Robbie McCallum
- Born: 11 June 2000 (age 25) Milngavie, Scotland
- Height: 1.8 m (5 ft 11 in)
- Weight: 88 kg (13 st 12 lb)
- School: Loretto School
- Notable relative(s): Struan McCallum, grandfather

Rugby union career
- Position: Centre

Amateur team(s)
- Years: Team / Apps / (Points)
- West of Scotland
- 2018: Musselburgh
- 2019: Glasgow Hutchesons Aloysians

Senior career
- Years: Team / Apps / (Points)
- 2018: Complutense Cisneros
- 2019-22: Glasgow Warriors / 0 / (0)
- 2022-: London Scottish

Super Rugby
- Years: Team / Apps / (Points)
- 2020-22: Boroughmuir Bears

International career
- Years: Team / Apps / (Points)
- Scotland U16
- Scotland U18
- Scotland U19
- 2018-20: Scotland U20 / 15 / (25)

= Robbie McCallum (rugby union) =

Scottish rugby union player (born 2000)

Robbie McCallum (born 11 June 2000) is a Scottish rugby union player. He plays as a centre for London Scottish. He previously played for Glasgow Warriors and Boroughmuir Bears.

==Rugby Union career==

===Amateur career===

He played for West of Scotland.

When he moved to Musselburgh to go to Loretto School he then played for Musselburgh.

He left school in 2018. His brother was staying in Spain and McCallum then joined him in Madrid.

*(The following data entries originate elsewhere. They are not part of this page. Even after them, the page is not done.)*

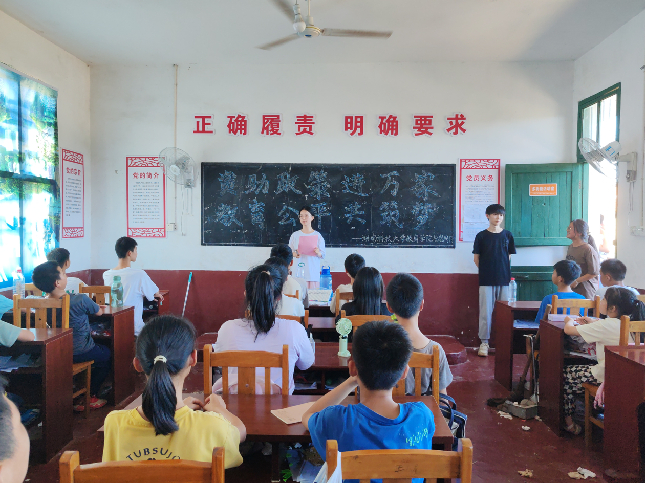 支教队员在活动中积极宣传建立健全家庭经济困难学生资助政策体系的重大意义、政策目标、基本原则、主要内容与相关工作要求,让孩子们更加了解资助政策的相关内容。
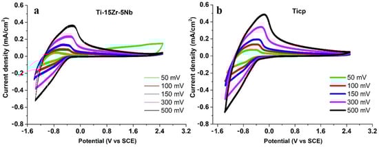 CVs were performed on Ti-15Zr-5nb and Ti-CP at different potential sweep rates in the range of 50 mV/s up to 500 mV/s between −1.5 V and 2.5 V vs SCE to determine the potential ranges of different electrochemical reactions of the samples in HCl electrolyte and the results are presented in Figure 6. Moreover, their kinetic features were assessed to determine the most appropriate conditions for the potentiostatic study of corrosion reactions. Figure 6 presents the CVs of Ti-15Zr-5Nb and it can be observed that the potential rises above 2.2 V vs. SCE at a sweep rate of 50 mV/s, the current increases abruptly to an elevated value indicating the deterioration of the passive film and the initiation of pitting corrosion of the samples. Thus, this potential is equivalent to the transpassivation potential threshold. The anodic current increased steadily as the potential sweep rates increased, making the passive film stronger against damage due to the increase in film thickness while no film breakdown was noticed. Similar circumstances were observed for the Ti-CP sample at all potential sweep rates, with a current plateau extended to the end of the potential values. As the potential ascends from −1.5 V vs. SCE, the anodic current increases for both samples, with anodic peaks that eventually merge into one, a higher and larger peak as the potential sweep rate increases. These anodic peaks are related to the following Ti oxidation reaction as presented by Pourbaix []:
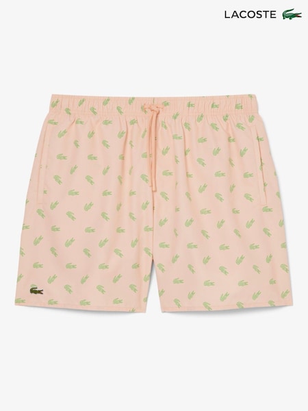 Lacoste Pink Mid Length Crocodile Print Swim Shorts
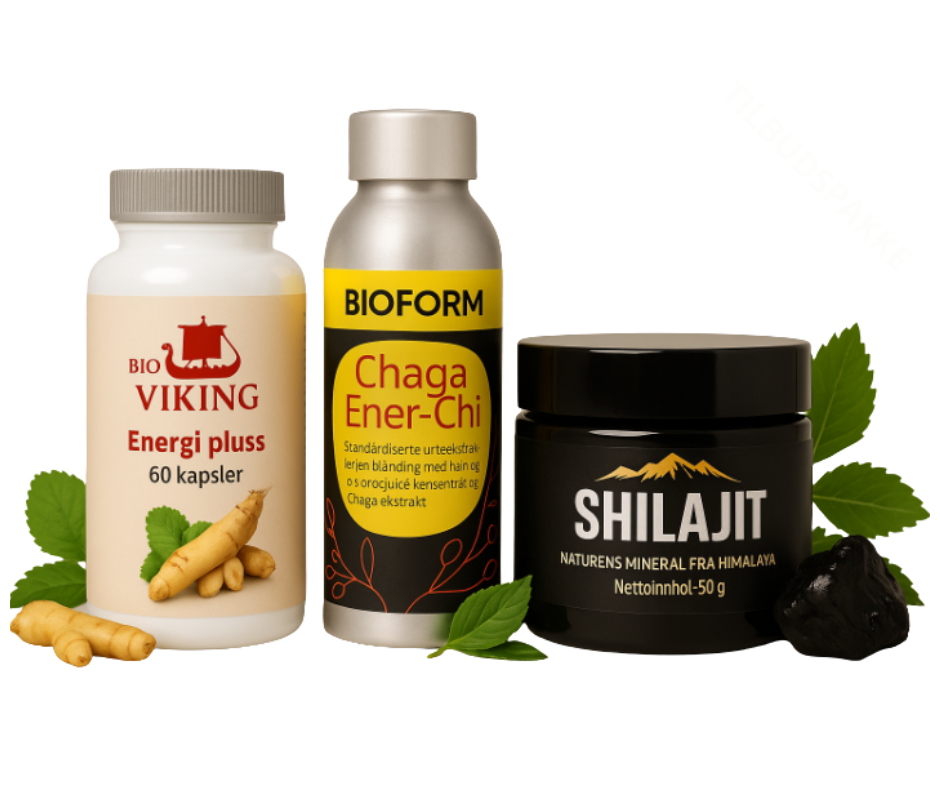 Opplev økt energi og mental klarhet med vår komplette Energi Pakke! Inneholder Shilajit Resin, Chaga Ener-Chi og Energi Pluss – en kraftfull kombinasjon av naturens mest virkningsfulle ingredienser. 1 måneds forbruk.
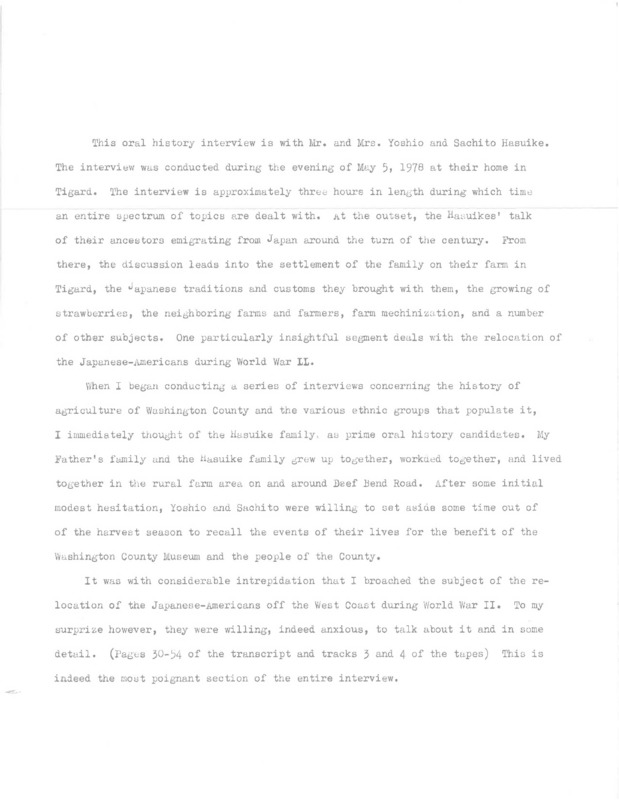 - Yoshio and Sachito Hasuike oral history recording Part 3
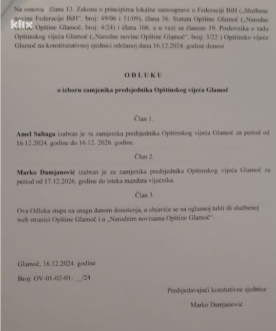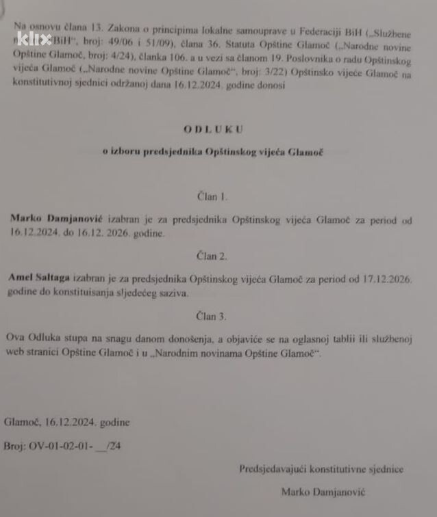 Prvom odlukom o izboru predsjednika Opštinskog vijeća Glamoč, Marko Damjanović (HDZ BiH) će biti predsjednik OV od 16.12.2024. do 16.12.2026. godine, a Amel Saltaga (SDA) od 17.12.2026. do konstituisanja sljedećeg saziva Opštinskog vijeća.
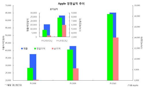 미국 애플은 업종과 지역 모두 ‘헤지’된다는 게 장점이다. 아이폰과 아이패드의 세계시장 침투율은 아직 낮다. 스티브 잡스만 건재하다면 스마트폰과 테블릿PC업계를 평정할 것이란 전망이 많다. 매출과 이익성장세도 놀랍다 ▶그래프 참조. 다만 해외주식 투자시 20%가량의 이익과세는 숙지해야 한다.
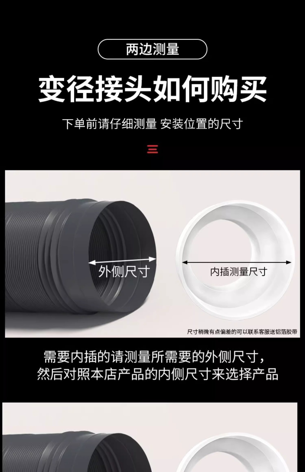 가변 조인트 감속기 배기 파이프 연기 파이프 가변 직경 링 pvc 수도관 피팅 파이프 변환 100 ~ 75 ~ 50
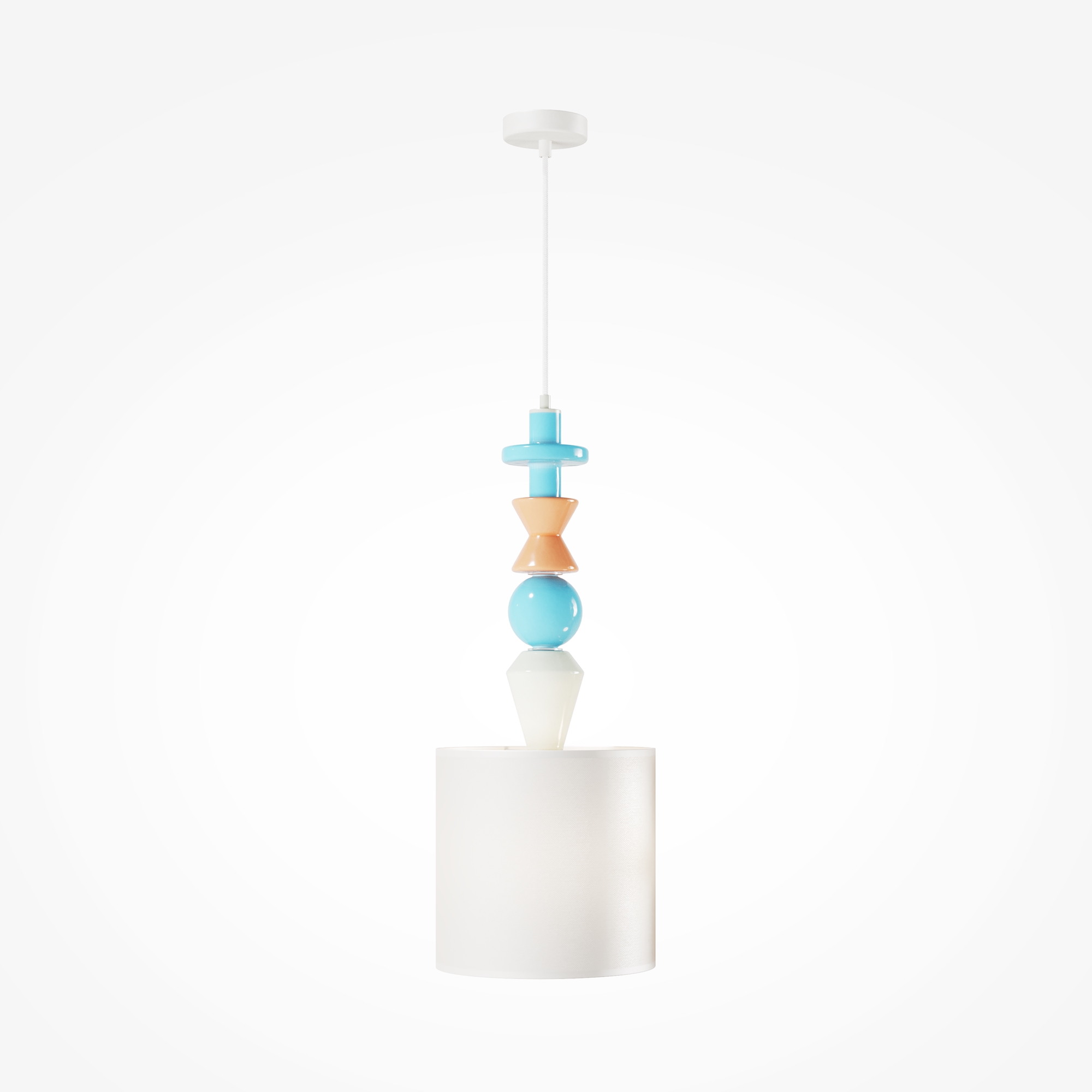 Арматура из металла, цвет - белый. Абажур выполнен из натуральной ткани, цветные декоративные элементы в пастельных тонах — из керамики. Белый абажур имеет классическую цилиндрическую форму, ткань дает мягкий рассеянный свет. Светильники комплектуются сменными лампами с цоколем Е27 (не входят в комплект). Провод подвесного светильника можно регулировать по длине. Декор напоминает стилистику крафтового искусства
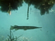 WWWA: BENEATH SOUTHERN WATERS: UNDERWATER: WS Two Longnose Gar (Garfish) swimming near stalks of aquatic vegetation & under.
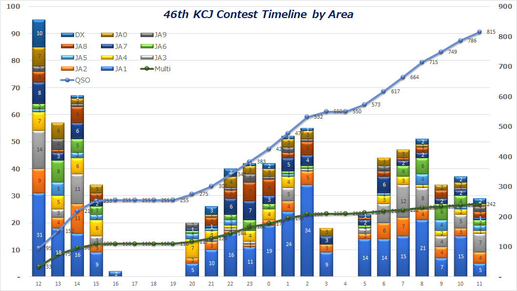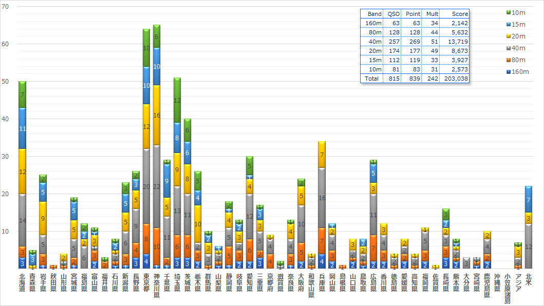 ハイバンドの国内伝播状況良好でも、JA6(九州)、JA5(四国)、JA4(中国)とはあまり交信数が伸びなかった。

After injury when playing for the Boroughmuir Bears, McCallum recovered his fitness by playing for Glasgow Hutchesons Aloysians in the Scottish Premiership.

===Professional career===

He played for Complutense Cisneros in the professional Spanish top league.

He was given a place in the Scottish Rugby Academy for the 2019–20 season and assigned to Glasgow Warriors.

He was also assigned to Boroughmuir Bears and played for them in the Super 6.

He played for Glasgow Warriors against Edinburgh Rugby in the 4 February 2021 'A' match at Scotstoun Stadium. It was behind closed doors due to the coronavirus pandemic.

He signed for London Scottish to play in the RFU Championship in August 2022.

===International career===

He has played for Scotland U16, Scotland U18, Scotland U19 and Scotland U20.

==Cricket career==

McCallum played for West of Scotland Cricket Club at the same time he played for the West of Scotland rugby club. He moved to Loretto School in Musselburgh, as the cricket coach there John Blain had also coached the West side.

He played for Scotland Under 15s and Scotland Under 17s at cricket.

==Family==

His grandfather Struan McCallum was a tighthead prop for Jordanhill, Glasgow District and Scotland 'B'.